Problem description »
Would you retype, word for word, the line with "ハーオソン 生牡蠣。(生牡蠣も所変われば)ライスペーパーに包んで、香草やハーブなどをいれ、→ |" and each line after it to the end of the entries below, leaving the pictures out?

Dataset records »

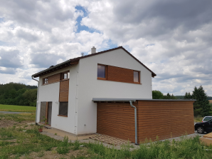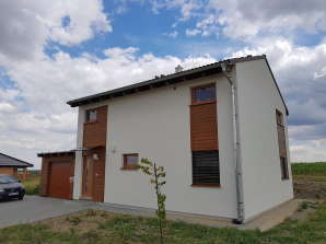 Chtěli by jste v přízemí domu Kubis 74 pracovnu nebo hostovský pokoj? Na fotkách z této realizace uvidíte, že i s touto úpravou budete mít prostornou kuchyň s jídelnou a obývacím pokojem. Také uvidíte jak to vypadá, když se v koupelně v podkroví vytvoří samostatné WC. Všimněte si i hnědé střechy, vnitřní folie na rámech oken, venkovních žaluzií, hnědé stříšky nad vchodem a stylové poštovní schránky...
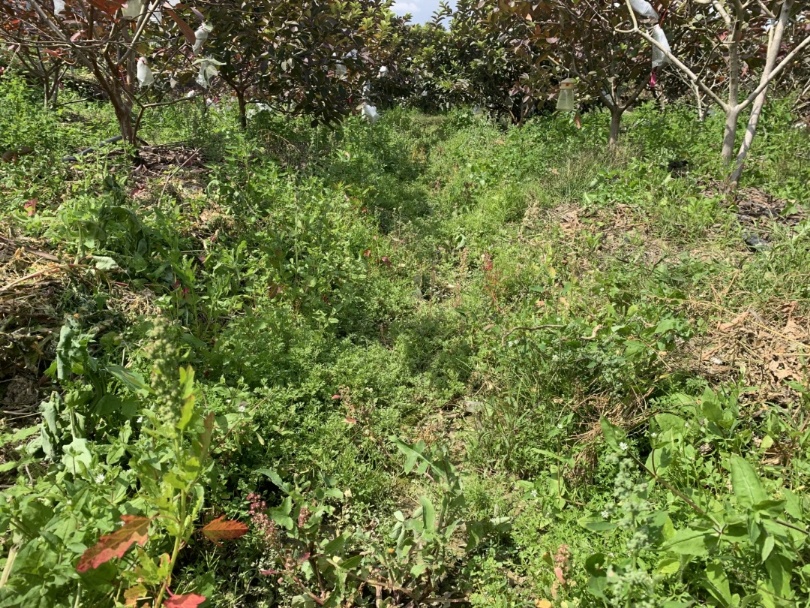 答:这是我们的生机果园,里面的野草都不使用任何农药,和芭乐和谐共生,实在过长的时候,我们会使用割草机或锄头,人工割草。
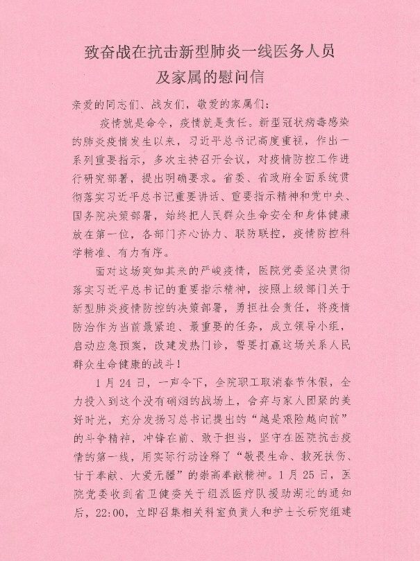 郑州大学五附院非常重视援鄂医疗队队员及家属的后保障工作,在医疗队到达武汉进行抗疫工作不久,医院党委就发出慰问信,向奋战在新型肺炎一线的医务人员及家属感谢和最崇高的敬意。
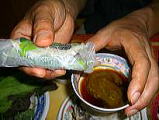 ![]() 左の写真の真ん中が、Hao song ハーオソン 生牡蠣。(生牡蠣も所変われば)ライスペーパーに包んで、香草やハーブなどをいれ、→ |
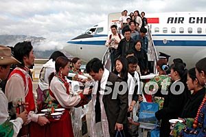 圖:九寨航線通航 藏民為首航游客獻(xiàn)哈達(dá)
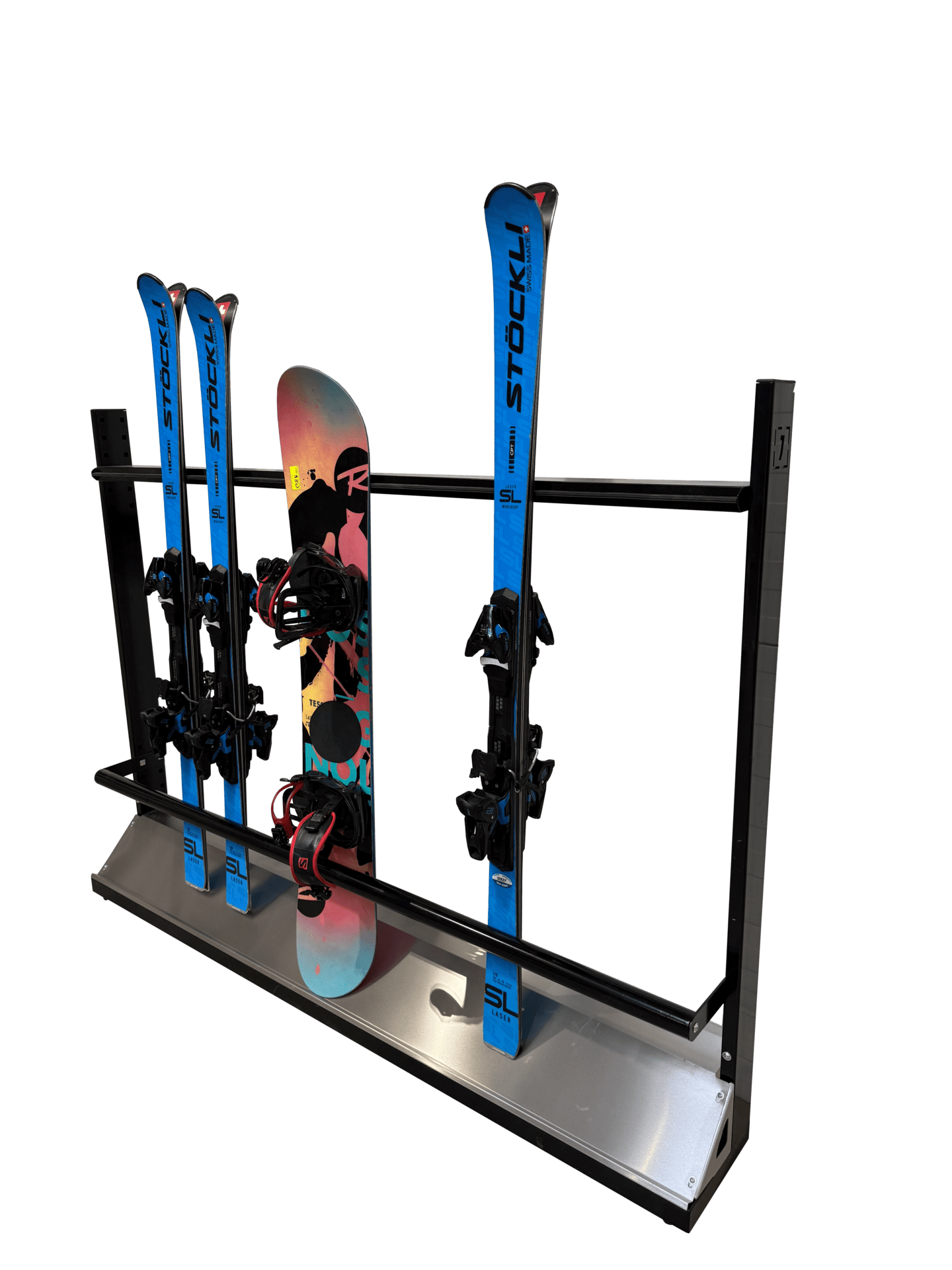 Stojak RENTAL na deski snowboardowe z regulacją wysokości i systemem jezdnym.
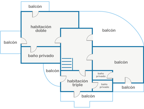 Hay una habitación doble, una doble y una triple y todas tienen baño o ducha.
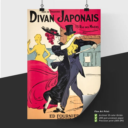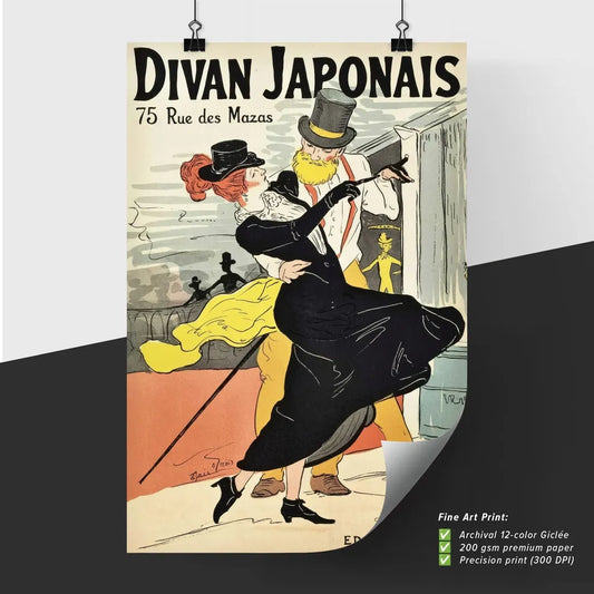 Divan Japonais - Art Nouveau poster featuring a couple in a theatrical setting. – Fine Art Poster Inspired by Vintage Advertisements
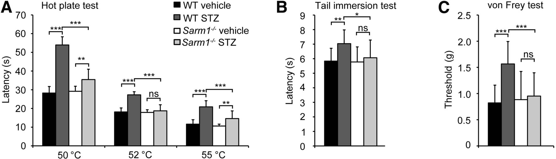 圖:Sarm1基因的敲除可以緩解糖尿病小鼠的痛覺不敏感現(xiàn)象
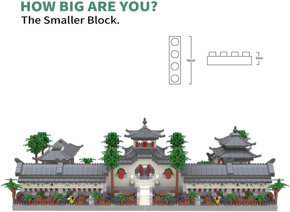 High quality: Architecture Suzhou garden building block micro block set with 100% ABS plastic bricks are made of high-quality green materials with bright colors, good flexibility and not easy to damage. Its smooth surface and rounded corners make it safe for children
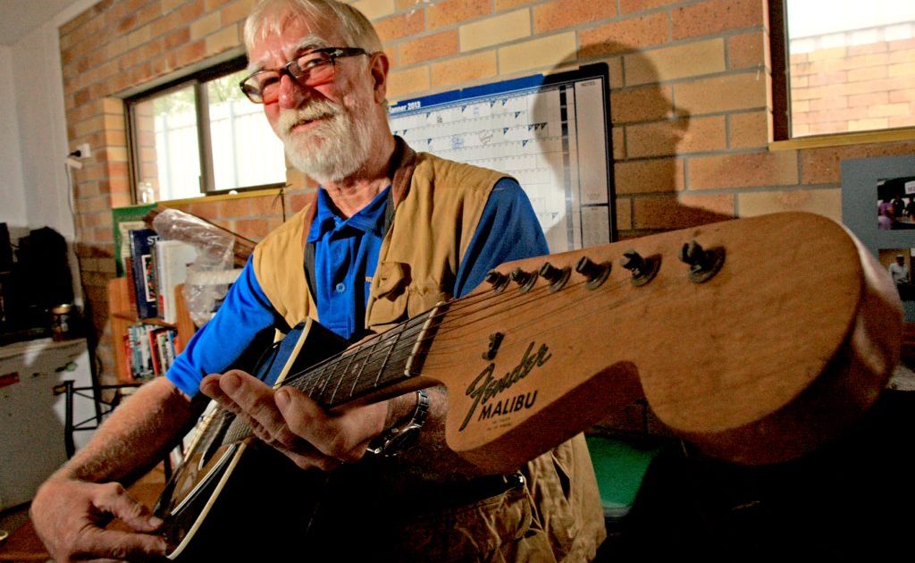 Murwillumbah's Michael Newell has reason to smirk as he strums on the 1963 classic axe once owned by 'the man in black.'

Response area »
 ![]() 左の写真の真ん中が、Hao song ハーオソン 生牡蠣。(生牡蠣も所変われば)ライスペーパーに包んで、香草やハーブなどをいれ、→ |
 圖:九寨航線通航 藏民為首航游客獻(xiàn)哈達(dá)
 Stojak RENTAL na deski snowboardowe z regulacją wysokości i systemem jezdnym.
 Hay una habitación doble, una doble y una triple y todas tienen baño o ducha.
 Divan Japonais - Art Nouveau poster featuring a couple in a theatrical setting. – Fine Art Poster Inspired by Vintage Advertisements
 圖:Sarm1基因的敲除可以緩解糖尿病小鼠的痛覺不敏感現(xiàn)象
 High quality: Architecture Suzhou garden building block micro block set with 100% ABS plastic bricks are made of high-quality green materials with bright colors, good flexibility and not easy to damage. Its smooth surface and rounded corners make it safe for children
 Murwillumbah's Michael Newell has reason to smirk as he strums on the 1963 classic axe once owned by 'the man in black.'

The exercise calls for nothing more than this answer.